(Records from a data collection)
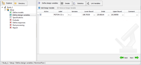 選択した変数が、HyperStudyのDefine design variablesページにリストされます。
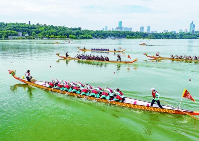 昨日,南京市第十七届工人运动会龙舟比赛在玄武湖阳光码头龙舟运动基地举行,共有15支代表队近400名运动员参加了200米、500米直道竞速比赛。
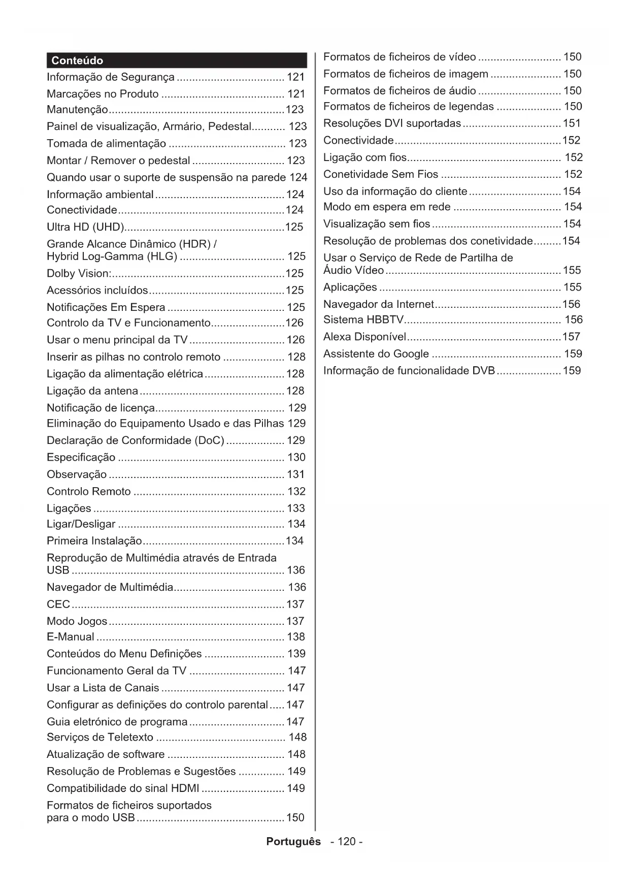 nel_name" on ‘FN’ A TV muda para o canal com o nome especicado channel up on ‘FN’ A TV muda para o canal imediatamente superior, se algum disponível channel down on ‘FN’ A TV muda para o canal imediatamente inferior, se algum disponível FN é a abreviatura para ‘Nome Amigável’. Google é uma marca comercial de Google LLC. Informação de funcionalidade DVB Este receptor DVB é apenas adequado para usar no país para o qual foi destinado a ser usado. Apesar deste receptor DVB estar conforme as últimas especificações DVB no momento da sua produção, não podemos garantir compatibilidade com futuras transmissões DBV devido a alterações que possam ser implementadas nos sinais de difusão e tecnologias. Algumas funções digitais da televisão podem não estar disponíveis em todos os países. Estamos comprometidos em melhorar os nossos produtos; portanto as especificações podem ser alteradas sem aviso prévio. Para aconselhamento sobre onde comprar acessórios, deve contactar o estabelecimento onde adquiriu o seu equipamento.
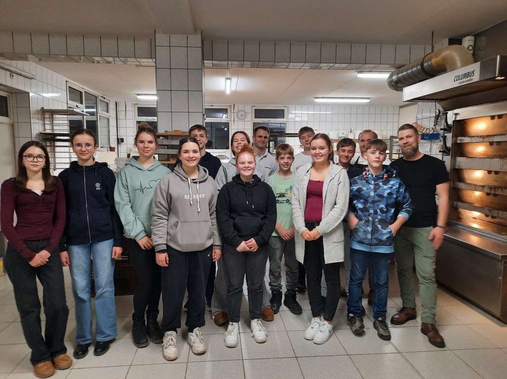 In diesem Jahr hat sich der Termin in die Adventszeit verschoben. Anstatt Reformationsbrötchen und Muffins standen am späten Donnerstagnachmittag neben Brot nun Weihnachtsplätzchen und Lebkuchen auf dem Programm. Doch zunächst machten die beiden Bäckermeister Achim und André Becher die 12 Konfirmanden mittels Führung durch die Backstube mit den Arbeitsabläufen und den vorhandenen Maschinen, wie Brotteig-, Rühr- und Semmelwirkmaschine und Kneter, bekannt.
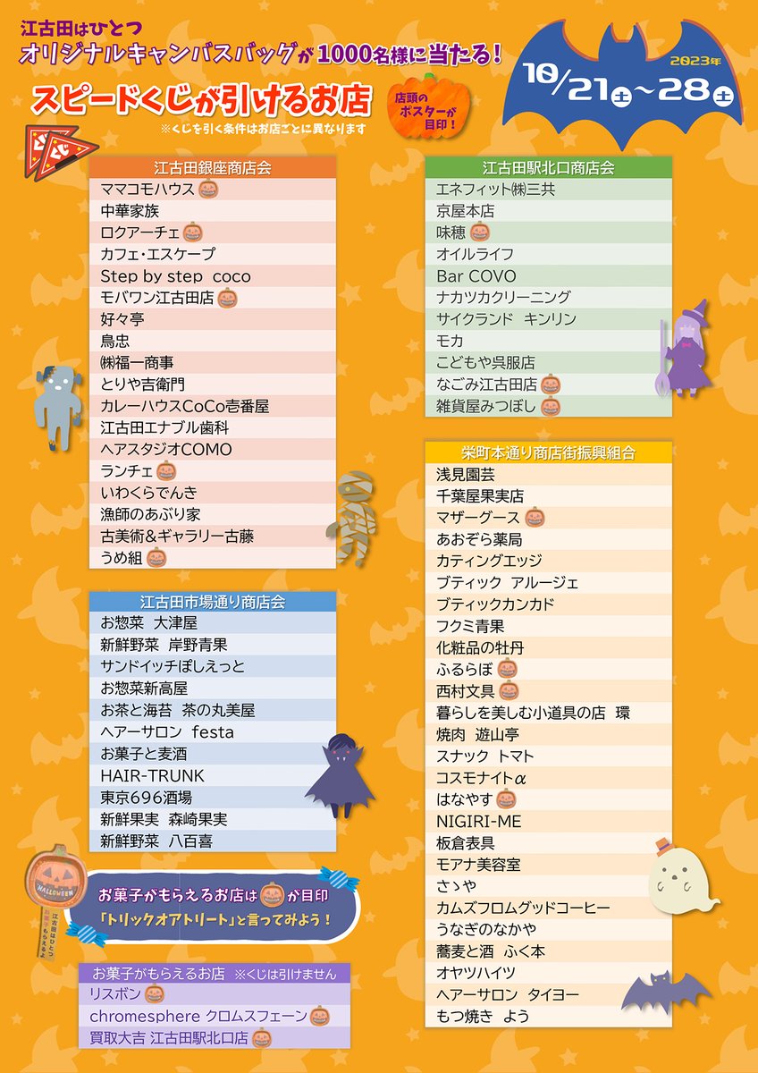28日(土)13時〜17時は仮装してお菓子がもらえる「江古田ハロウィン」も実施しますよ〜🍭
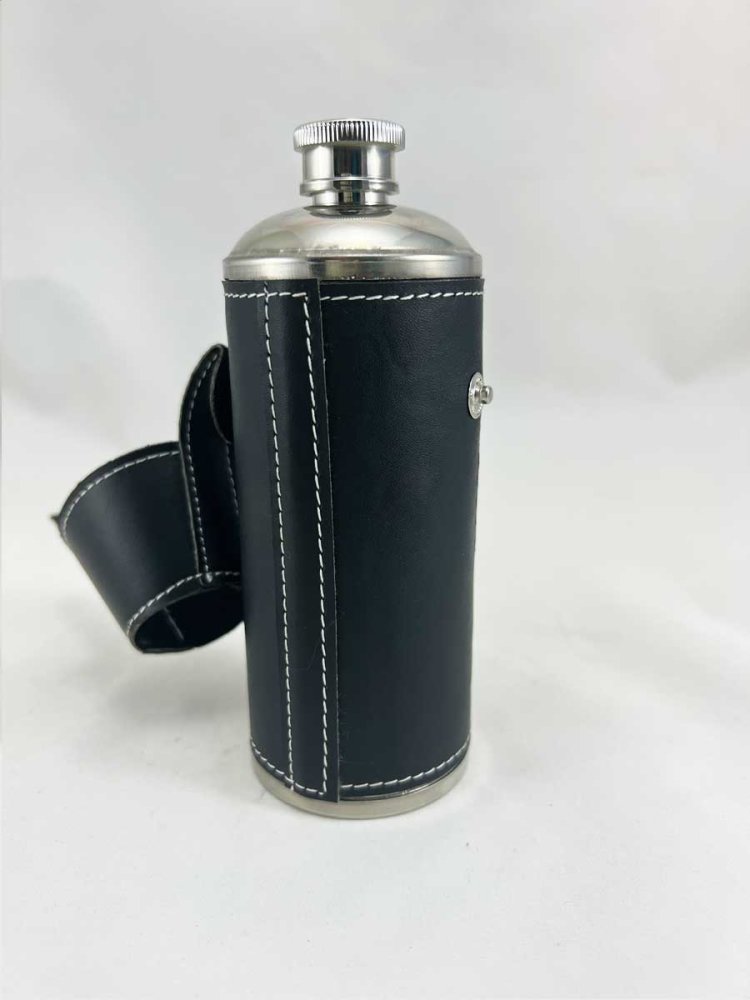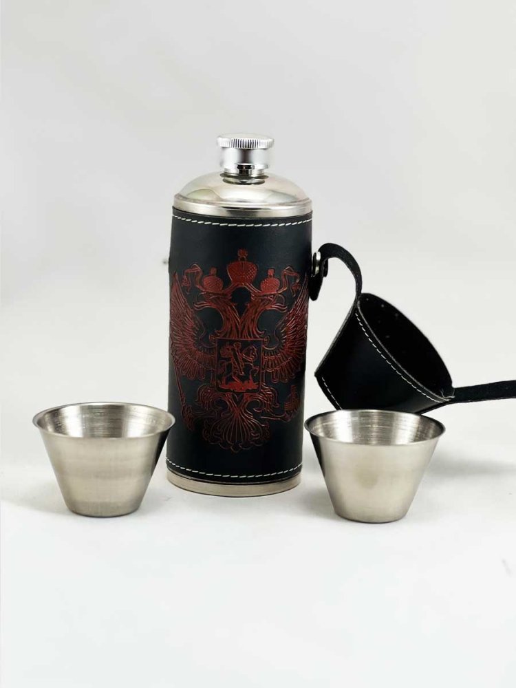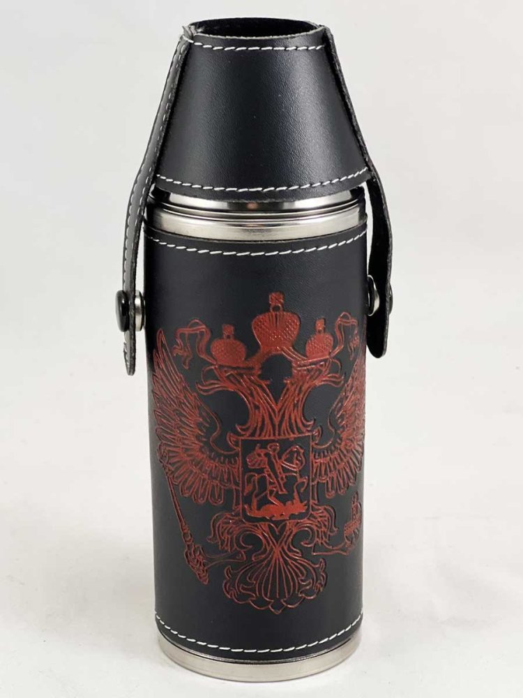 Фляжка металлическая цилиндрическая, с двумя стопками, герб России

◆ **Assignment**:
Each of the entries above must be copied exactly, but the pictures stay out.

◆ **Your solution**:
 選択した変数が、HyperStudyのDefine design variablesページにリストされます。
 昨日,南京市第十七届工人运动会龙舟比赛在玄武湖阳光码头龙舟运动基地举行,共有15支代表队近400名运动员参加了200米、500米直道竞速比赛。
 nel_name" on ‘FN’ A TV muda para o canal com o nome especicado channel up on ‘FN’ A TV muda para o canal imediatamente superior, se algum disponível channel down on ‘FN’ A TV muda para o canal imediatamente inferior, se algum disponível FN é a abreviatura para ‘Nome Amigável’. Google é uma marca comercial de Google LLC. Informação de funcionalidade DVB Este receptor DVB é apenas adequado para usar no país para o qual foi destinado a ser usado. Apesar deste receptor DVB estar conforme as últimas especificações DVB no momento da sua produção, não podemos garantir compatibilidade com futuras transmissões DBV devido a alterações que possam ser implementadas nos sinais de difusão e tecnologias. Algumas funções digitais da televisão podem não estar disponíveis em todos os países. Estamos comprometidos em melhorar os nossos produtos; portanto as especificações podem ser alteradas sem aviso prévio. Para aconselhamento sobre onde comprar acessórios, deve contactar o estabelecimento onde adquiriu o seu equipamento.
 In diesem Jahr hat sich der Termin in die Adventszeit verschoben. Anstatt Reformationsbrötchen und Muffins standen am späten Donnerstagnachmittag neben Brot nun Weihnachtsplätzchen und Lebkuchen auf dem Programm. Doch zunächst machten die beiden Bäckermeister Achim und André Becher die 12 Konfirmanden mittels Führung durch die Backstube mit den Arbeitsabläufen und den vorhandenen Maschinen, wie Brotteig-, Rühr- und Semmelwirkmaschine und Kneter, bekannt.
28日(土)13時〜17時は仮装してお菓子がもらえる「江古田ハロウィン」も実施しますよ〜🍭
 Фляжка металлическая цилиндрическая, с двумя стопками, герб России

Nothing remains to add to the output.